Background and aim: Activated myofibroblast-like cells, originating from hepatic stellate cells (HSC/MFs) or other cellular sources, play a key profibrogenic role in chronic liver diseases (CLDs) that, as suggested by studies in animal models or rat HSC/MFs, may be modulated by reactive oxygen intermediates (ROI). In this study, human HSC/MFs, exposed to different levels of superoxide anion (O₂^•−) and, for comparison, hydrogen peroxide (H₂O₂), were analysed in terms of cytotoxicity, proliferative response, and migration.

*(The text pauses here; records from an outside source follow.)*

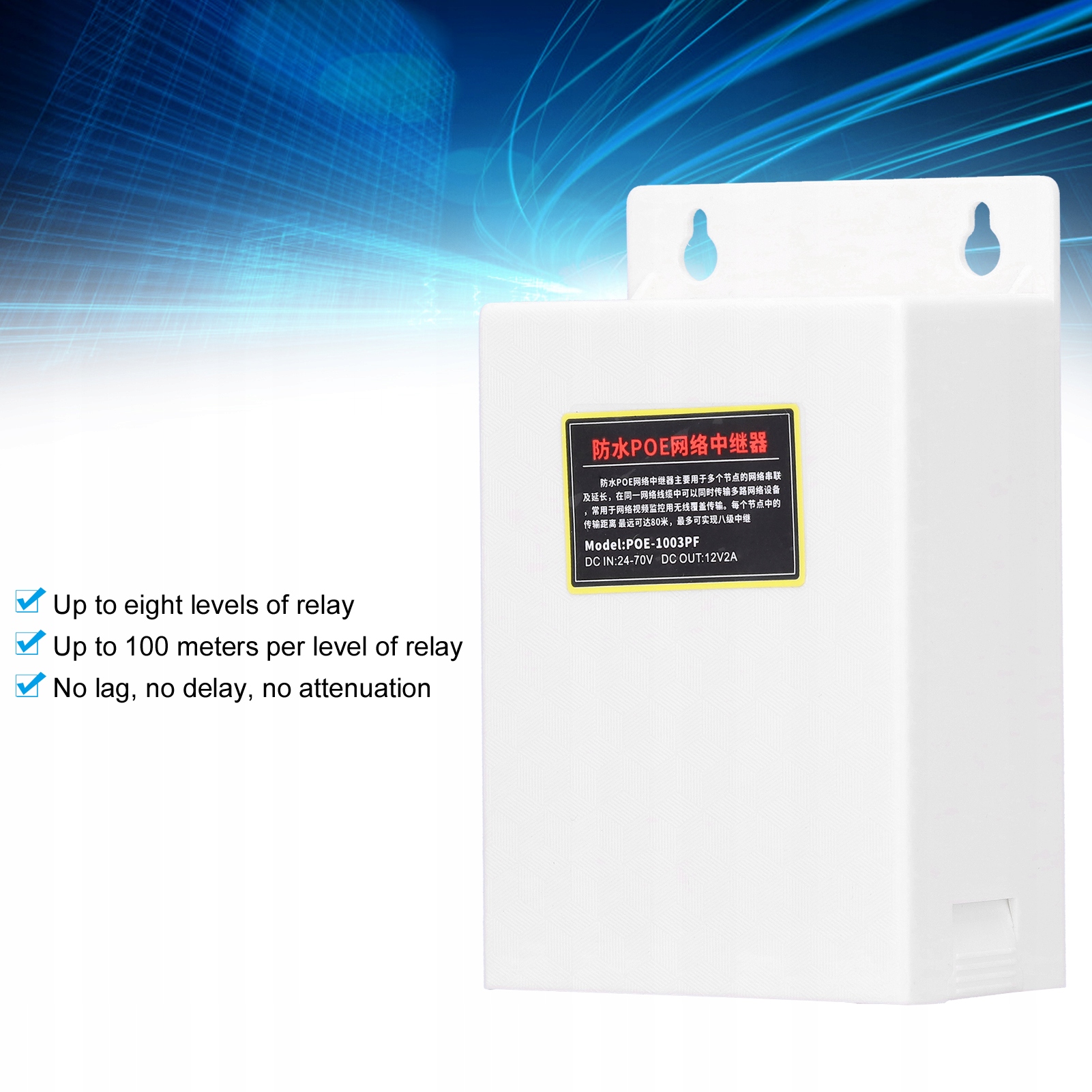 1. До 8 уровней ретранслятора, каждый уровень ретранслятора может достигать 100 метров, без зависаний, без задержек и без затухания. 2. Подключение сетевого кабеля, нет необходимости в собственном POE камеры, нет необходимости в разветвителе POE. 3, супер водонепроницаемый для использования в помещении и на открытом воздухе, очень высокая безопасность, отсутствие страха перед суровыми условиями окружающей среды. 4. Входное напряжение 15-70 В, выходное напряжение 12 В, выходной ток 2 А. 5. Простота в эксплуатации и быстрая установка, это не займет много времени, это очень удобно.
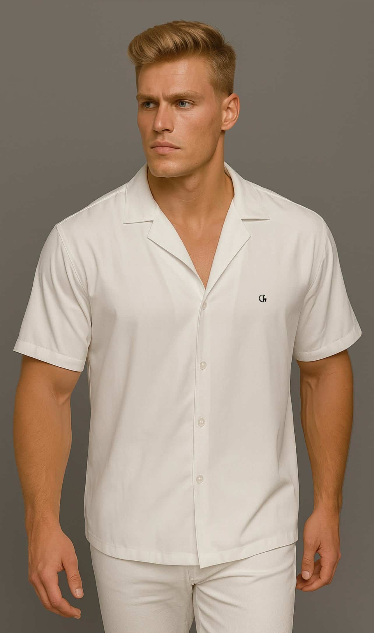 Elevate your wardrobe with this timeless white short-sleeve button-up shirt, crafted for both comfort and style. Made from a soft, breathable fabric with a subtle texture, this shirt features a relaxed fit and a clean, modern silhouette. The open collar and button front add a touch of casual sophistication, making it perfect for both everyday wear and dressier occasions.
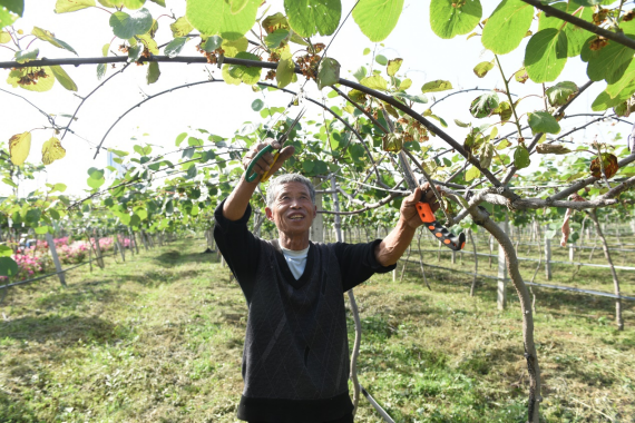 鄒莊村民在京都果園內進行田間管護。 淅川縣委宣傳部供圖
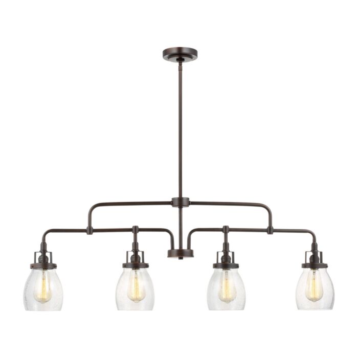 Short Description: The Belton four light linear chandelier in bronze enhances the beauty of your home with ample light and style to match today's trends. Influenced by the vintage industrial designs of early 20th Century America, the transitional Belton lighting collection has seeded glass shades and Midnight Black finish, adding a layer of retro design to the warm look.
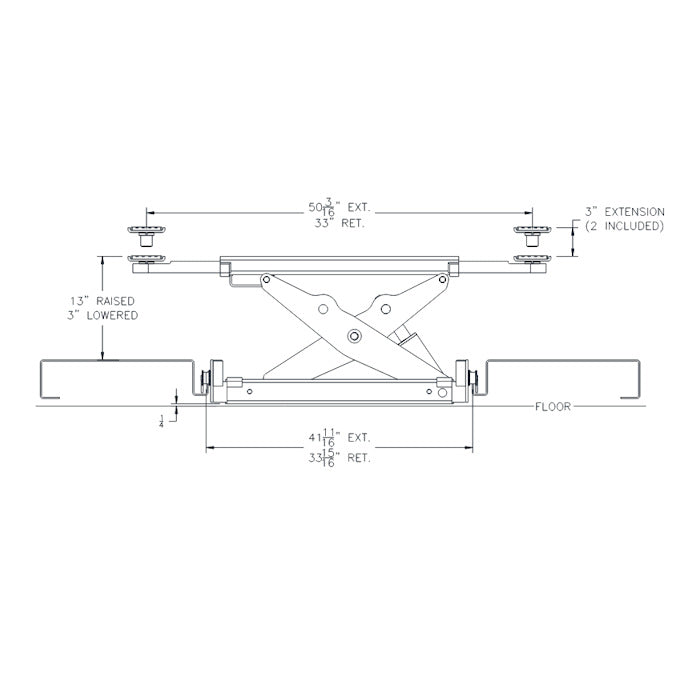 The Challenger 7,000 and 9,000 lbs. four post lifts are basically a smaller version of their larger brothers, the 14,000 up to 30,000 pound capacity models so they feature the rail kit on the inside edge of the runways. This allows you to place a variety of various accessories there, including drip trays and oil drains, but the most popular by far is the hydraulic powered rolling bridge jack. This is a commercial quality rolling jack, not like the typical hydraulic sliding jacks available for many home - hobby lifts out on the market these days. It has a full 3,500 lbs. capacity, and rolls effortlessly up and down the length of the runways. So you can get one jack, and use it on one axle at a time, or get two rolling jacks, and have full service capabilities, including tire rotations. Make sure your 4 post lift is a full service lift, for access to wheels for brake, tire and wheel work. Any time you need to take the wheels off the vehicle you are servicing, you'll be glad you got one. Sure, you can get by with the more affordable jack plate option, but if you can afford a rolling jack, service will be so much quicker and easier. (Air kit is optional to convert to air powered).
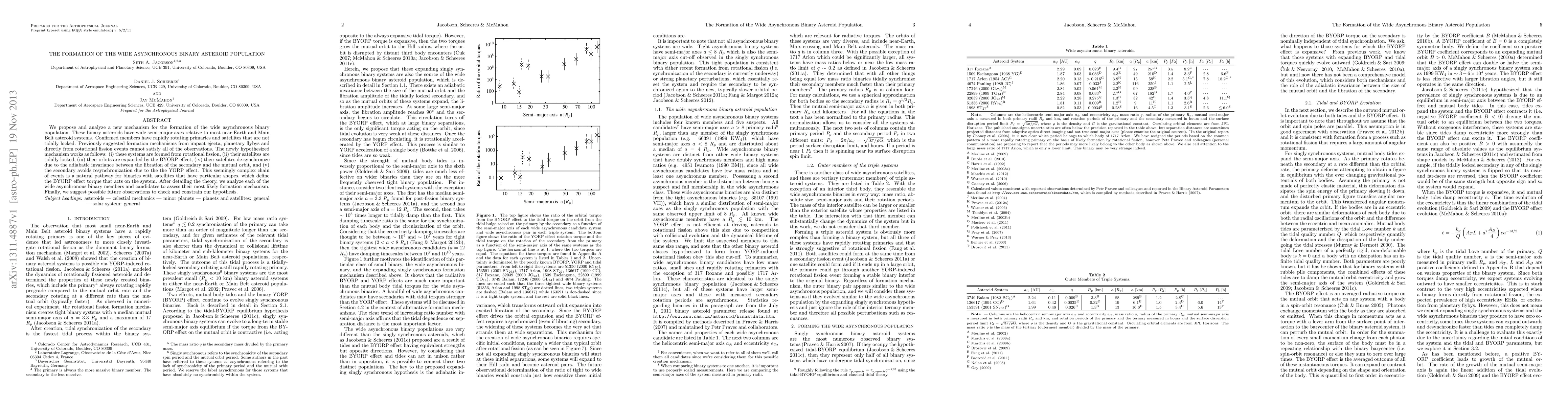 The paper proposes a new formation mechanism for wide asynchronous binary asteroids, involving rotational fission, tidal locking, orbit expansion by the Yarkovsky-O'Keefe-Radzievskii-Paddack (BYORP) effect, de-synchronization of satellites, and prevention of resynchronization by the YORP effect. The hypothesis is tested against known and candidate binaries, with suggested future observations for validation.
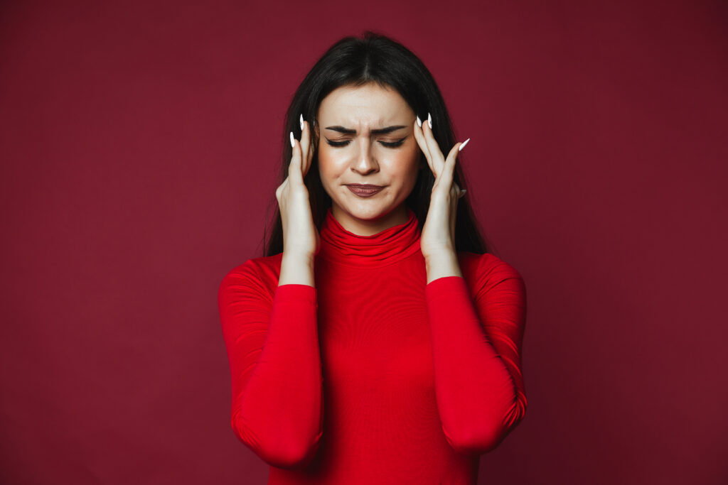 Beautiful brunette caucasian girl dressed in red pullover with painful headache on the pink background
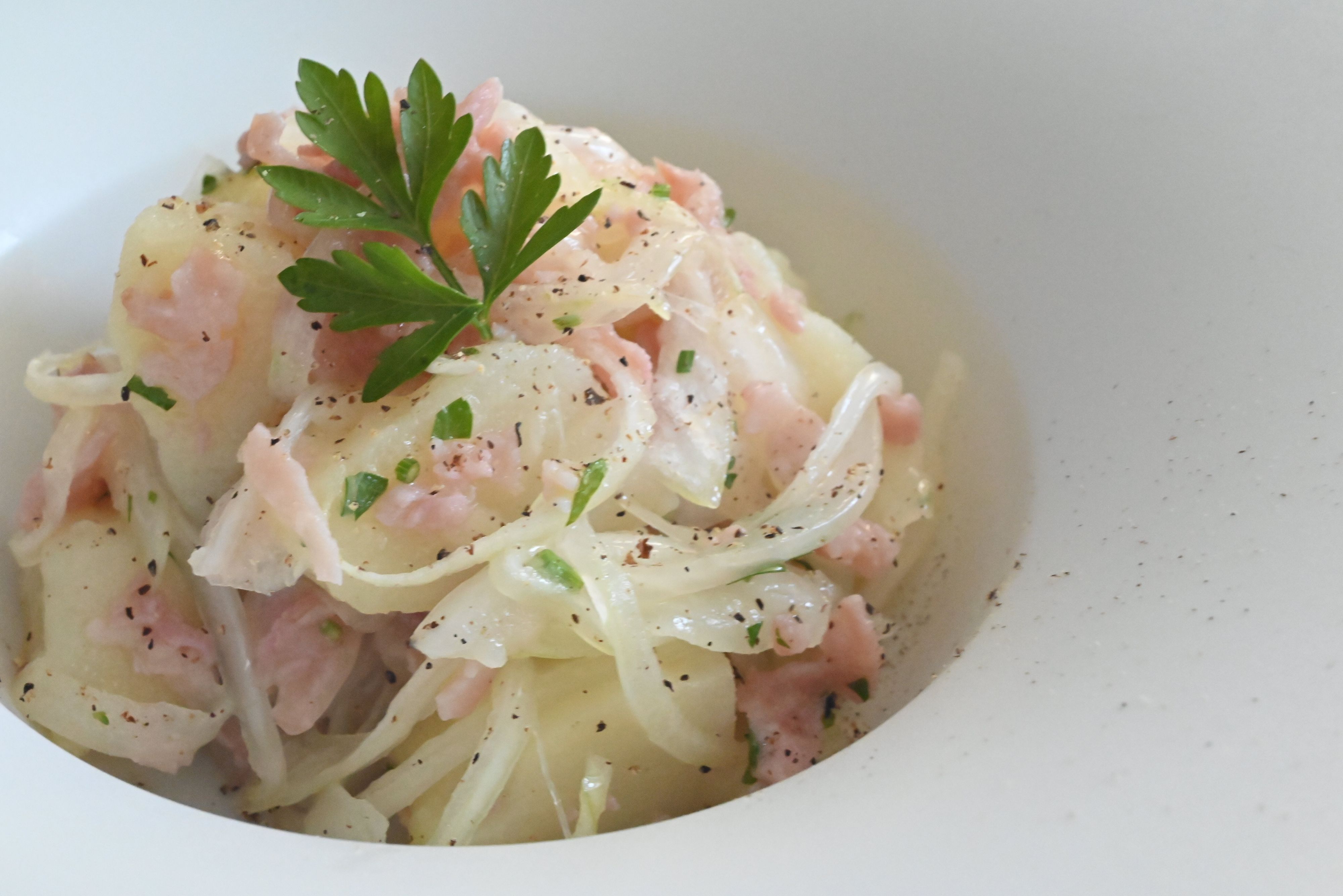 (1)じゃがいもはレンジ加熱し、皮を剥いてひと口大に切る。
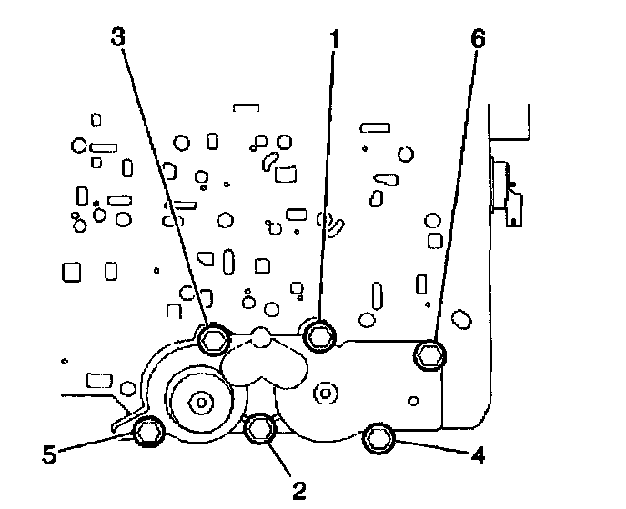 8. Install the six accumulator housing bolts (6). Start the bolts finger tight and work towards the opposite end.
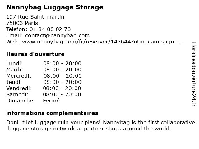 1 Nannybag Luggage Storage (Distance: 0,13 km) 30 Rue De Turbigo, 75003 Paris luggage, nannybag, storage 2 Nannybag Luggage Storage (Distance: 0,28 km) 125 Rue Saint-martin, 75004 Paris luggage, nannybag, storage 3 Nannybag Luggage Storage (Distance: 0,34 km) 22 Rue Des Gravilliers, 75003 Paris luggage, nannybag, storage 4 Nannybag Luggage Storage (Distance: 0,36 km) 199 Rue Saint-denis, 75002 Paris luggage, nannybag, storage 5 Nannybag Luggage Storage (Distance: 0,47 km) 26 Rue Saint-sauveur, 75002 Paris luggage, nannybag, storage 6 Nannybag Luggage Storage (Distance: 0,48 km) 2 Rue Des Innocents, 75001 Paris luggage, nannybag, storage |
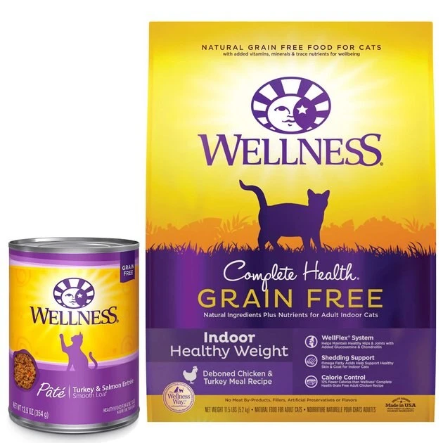Nourish your indoor kitty’s nose-to-tail well-being with the protein-rich nutrition of Wellness’s Complete Health food. With our Wellness Complete Health Turkey & Salmon Formula Grain-Free Canned Cat Food & Wellness Complete Health Grain-Free Indoor Healthy Weight Chicken Recipe Dry Cat Food bundle, you can support their overall well-being and ensure they’re getting all of the protein and nutrients that they need. Serve up a bowl and feel good about providing your pal with everything he needs to thrive and nothing you wouldn’t want him to eat, like fillers or anything artificial. Plus, the savory sauce will keep him coming back for more!
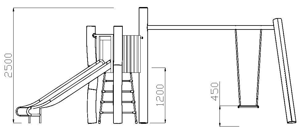 | Višina igrala: | cca 2500 mm, višina podesta: cca 1200 mm |
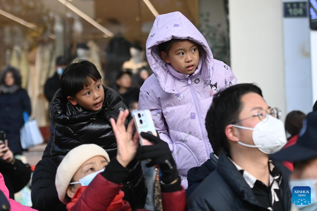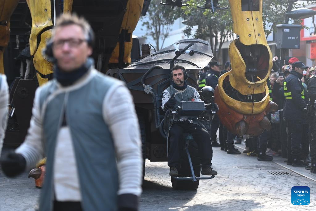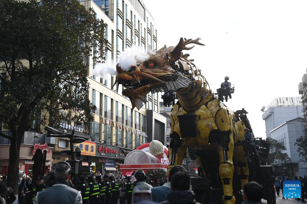 People watch as a mechanical device Horse Dragon Long Ma parades on a street in Gongshu District of Hangzhou, east China's Zhejiang Province, Dec. 16, 2023. The device is made in 2014 by French production company La Machine to celebrate the 50th anniversary of diplomatic relations between France and China. (Xinhua/Huang Zongzhi)
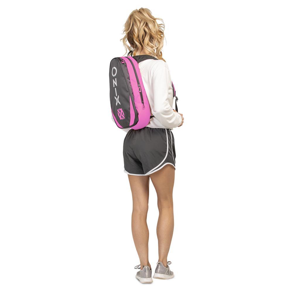 Help raise breast cancer awareness in style with the Onix Pro Pickleball Minipack Pink and Black. This compact backpack reduces bulk by only needing the bare essentials. A padded paddle compartment will keep your pickleball paddle secure and protected from the elements. Its main compartment is spacious and can store your essential items. With adjustable padded shoulder straps, carrying around your pickleball essentials has never been easier!
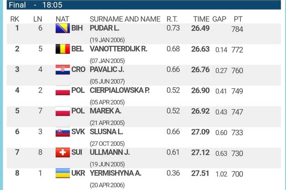 Pudar je svoju posljednju utrku na ovogodišnjem prvenstvu u rumunskom Otopeniju isplivala u vremenu 26.49, što joj je bio dovoljno za prvu poziciju i još jedno zlato.
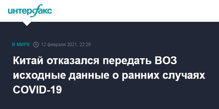 Москва. 12 февраля. INTERFAX.RU - Китай отказался предоставлять экспертам Всемирной организации здравоохранения (ВОЗ), работавшим в Ухане, первичную персонализированную информацию о ранних случаях заражения коронавирусом COVID-19, сообщает The Wall Street Journal со ссылкой на специалистов ВОЗ.
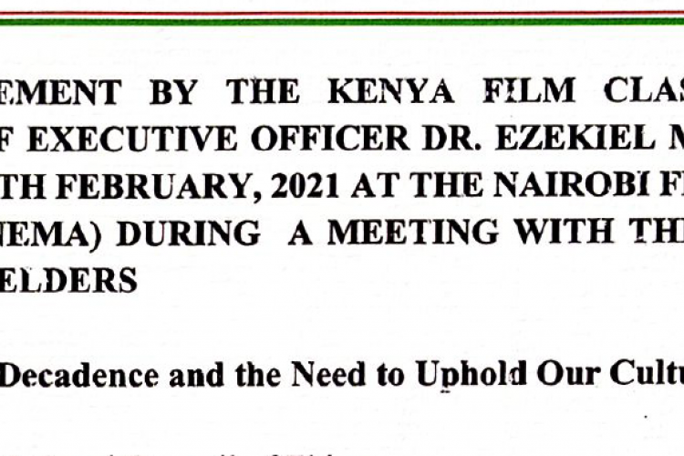 Press Statement by KFCB CEO Dr. Ezekiel Mutua, Mbs, Issued on 12 Th February, 2021 at Nairobi Cinema
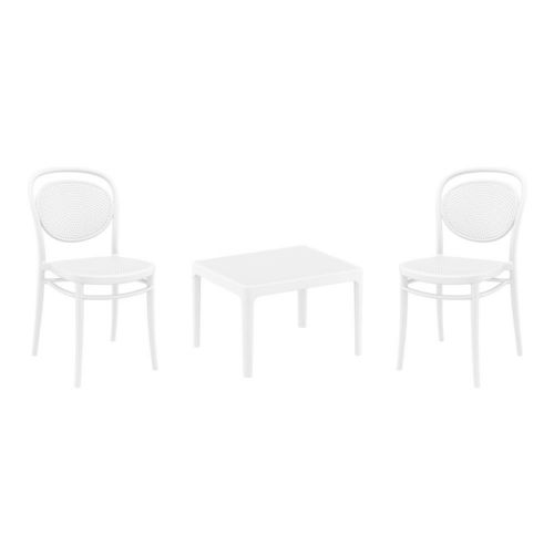 Marcel chairs and Sky 24" side table 3 piece conversation set in white is stylish and comfortable set for your small outdoor space! Made from durable and weather-resistant polypropylene resin, this set is perfect for balconies, terraces, decks, rooftops and patios. Marcel chairs feature a comfortable seat and backrest, making them the perfect choice for relaxing with a good book or enjoying a drink with a loved one. Two people can easily enjoy a refreshing drink together at Sky 24" side table.
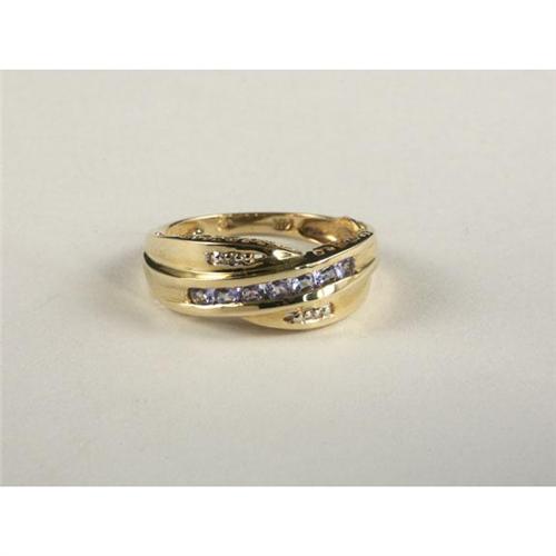 RING: Contemporary 14k yellow gold lady's ring channel set with round cut tanzanite and accented with round cut diamonds. The purplish blue tanzanite measures approximately 0.30 ctw and is transparent. The diamonds measure approximately 0.01 ctw, have SI2 clarity and I color. Appraisal included.

Methods: Cultured human HSC/MFs were exposed to controlled O₂^•− generation by hypoxanthine/xanthine oxidase systems or to a range of H₂O₂ concentrations. Induction of cell death, proliferation, and migration were investigated using morphology, molecular biology, and biochemical techniques.

Results: Human HSC/MFs were shown to be extremely resistant to induction of cell death by O₂^•− and only high rates of O₂^•− generation induced either necrotic or apoptotic cell death. Non-cytotoxic low levels of O₂^•−, able to upregulate procollagen type I expression (but not tissue inhibitor of metalloproteinase 1 and 2), stimulated migration of human HSC/MFs in a Ras/extracellular regulated kinase (ERK) dependent, antioxidant sensitive way, without affecting basal or platelet derived growth factor (PDGF) stimulated cell proliferation. Non-cytotoxic levels of H₂O₂ did not affect Ras/ERK or proliferative response. A high rate of O₂^•− generation or elevated levels of H₂O₂ induced cytoskeletal alterations, block in motility, and inhibition of PDGF dependent DNA synthesis.

Conclusions: Low non-cytotoxic levels of extracellularly generated O₂^•− may stimulate selected profibrogenic responses in human HSC/MFs without affecting proliferation.